Waterparks in other cities for China generally experienced growth and flat performance despite many new smaller waterparks and waterplay areas opening up in the country: it’s estimated that more than 60 waterparks and waterplay areas are currently under construction.

In Korea, Caribbean Bay had a standout year with strong growth while other Korean waterparks were flat. In Southeast Asia, Sunway Lagoon in Kuala Lumpur introduced a Nickelodeon waterplay area which resulted in strong results. In Thailand there are reports of a flood of waterpark and waterplay areas opening up, creating intense pricing competition in the market.

The culture side
Museums in Asia overall had a good year, with a 3.1 per cent attendance growth. The National Museum of China in Beijing became the highest attendance museum in the world for the first time. The trend in Asia is to have more “free” entry museums, which is great for consumers but very challenging for museum operations.

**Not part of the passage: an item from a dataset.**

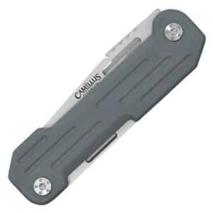 The Camillus Pocket Block Folding Knife features hard, strong 420J2 steel with good edge retention capabilities while also being fairly easy to resharpen. This steel also strikes a good balance between blade hardness and corrosion resistance. The handle is made of G10, an extremely durable makeup of fiberglass layers soaked in resin, then highly compressed and baked. After this process is completed, G10 becomes impervious to moisture or liquid and extremely durable under rapidly shifting environmental conditions, affording a high degree of versatility and protection in the field. However, the true versatile nature of the Pocket Block comes from the 5 integrated tools within the handle. Featuring a knife, bottle opener, flat head screwdriver, can opener, and #2 Phillips screwdriver, the Pocket Block is the ultimate multitool for everyday use.

Science museums continue to be a popular format, with travelling shows and temporary exhibits being very popular.

However, the museum industry also faces challenges. There’s a lack of essential components such as collections and exhibitions, as well as a shortage of trained curatorial, conservation and other museum professionals. Education programmes, adequate business planning and operating funds are also key areas.

Road ahead
In summary, the theme park industry in Asia is booming, and well planned and executed projects are meeting with critical and financial success.

However, more competition is raising the bar in terms of level of quality and the need for continual reinvestment.

We’re seeing more innovation in terms of product and format in Asia than anywhere else. This innovation has a cost and not all parks will be successful.

Creating a fantastic guest experience is still the most important factor in the success of both theme parks and waterparks in Asia.